Università degli Studi - L’Aquila, Cattedra di Anestesia e Terapia del Dolore
Background. Remifentanil, a recently commercialised opioid, is characterised by a predictable and non cumulative effect which vanishes rapidly without determining side effects in the long term. These characteristics make remifentanil an ideal opioid in continuous infusion for the ambulatory surgery setting. Aim of this study was to assess the ideal dose of remifentanil, administered in bolus before propofol, in patients undergoing uterine curettage and assisted by mask ventilation in 100% oxygen.
Methods. Sixty patients, ASA status I-II, scheduled for uterine curettage, were divided into three study groups according to the bolus dose of remifentanil received before the induction agent: group A (n=20) 1 µg/kg; group B (n=20) 2 µg/kg; group C (n=20) 2 µg/kg. All patients were assisted by 100% oxygen ventilation with facial mask. During surgery the following were recorded: time to spontaneous ventilation (in case of post induction apnea); incidence of somatic and autonomic responses to surgical stress (treated with remifentanil in bolus). At the end of surgery the times to response to simple verbal commands, to discharge from the recovery room (by Aldrete score every 5’) and to discharge from hospital (by PADSS score every 30’) were registered.

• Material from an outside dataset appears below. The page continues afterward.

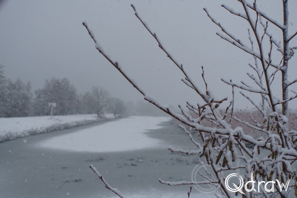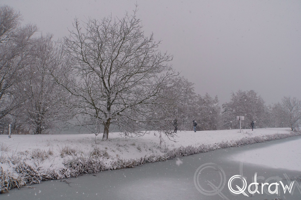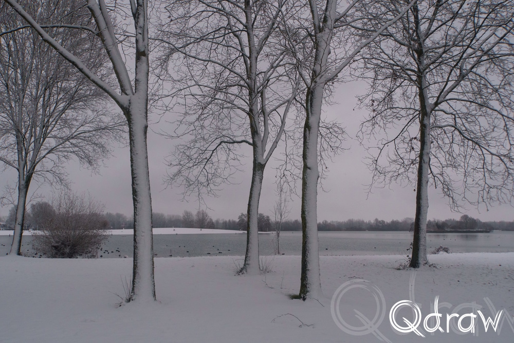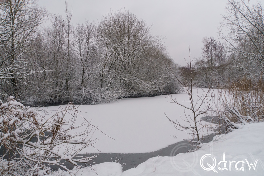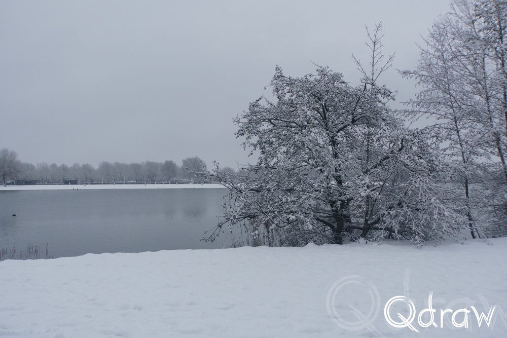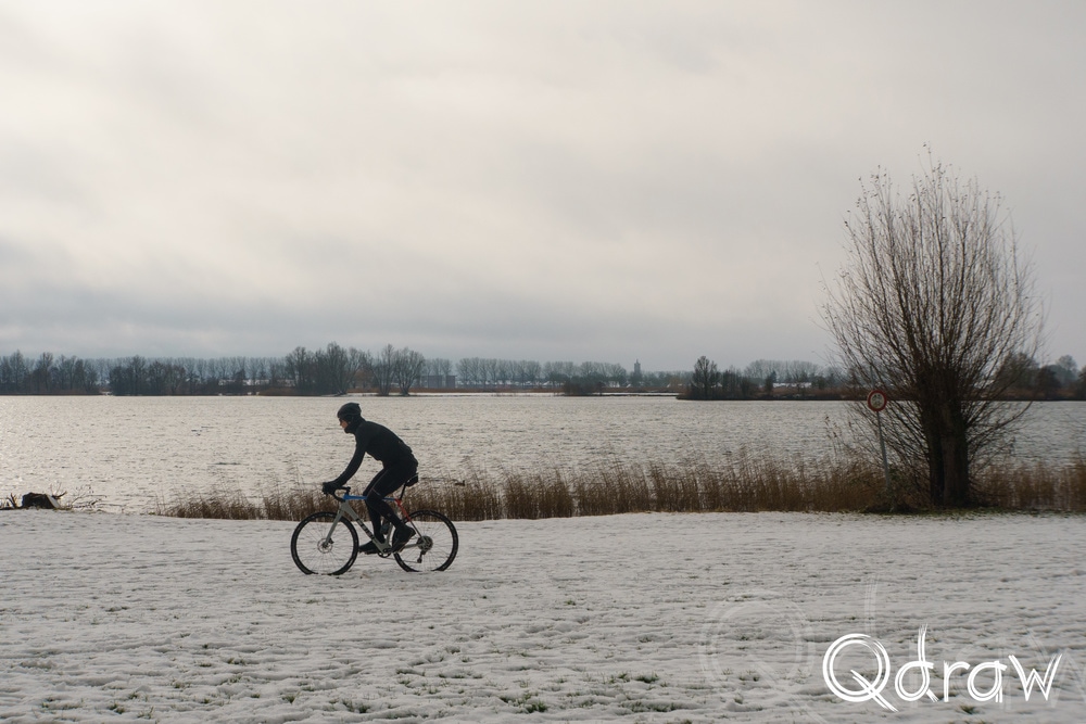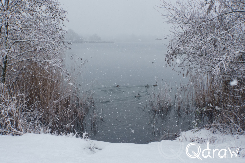 De paden waren zachter, minder scherp omlijnd. Rietkragen droegen witte randen, alsof iemand ze zorgvuldig had afgetekend. Het water lag er kalm bij, donker, bijna grafisch , met hier en daar een dunne ijsrand langs de oever. De sneeuw lag niet dik, maar precies genoeg om alles te vereenvoudigen.

Results. All patients presented post-induction apnea with a significantly more rapid return to spontaneous ventilation in group A. Six patients of group A responded to surgical stress while in groups B and C there was no need for supplementary boluses (p<0.05). Five patients of group C were treated with atropine for bradycardia, in four of group C it was necessary to administer succinylcholine for thoracic rigidity. No significant differences regarding the anesthesia recovery times were observed. All patients were discharged from the recovery room after 10’ from the end of surgery. Overall, the qualification for discharge from hospital was obtained at the second PADSS score control, except for one group A patient who incurred in metrorrhagia.
Conclusions. The administration in bolus of remifentanil, before the inducing agent, permits short-term surgery in ambulatory surgery settings thanks to the rapid recovery of vital functions. Compared to the other doses, the 1.5 µg/kg dose guaranteed a good control over surgical stress without influencing the speed of awakening and without determining uncomfortable side effects.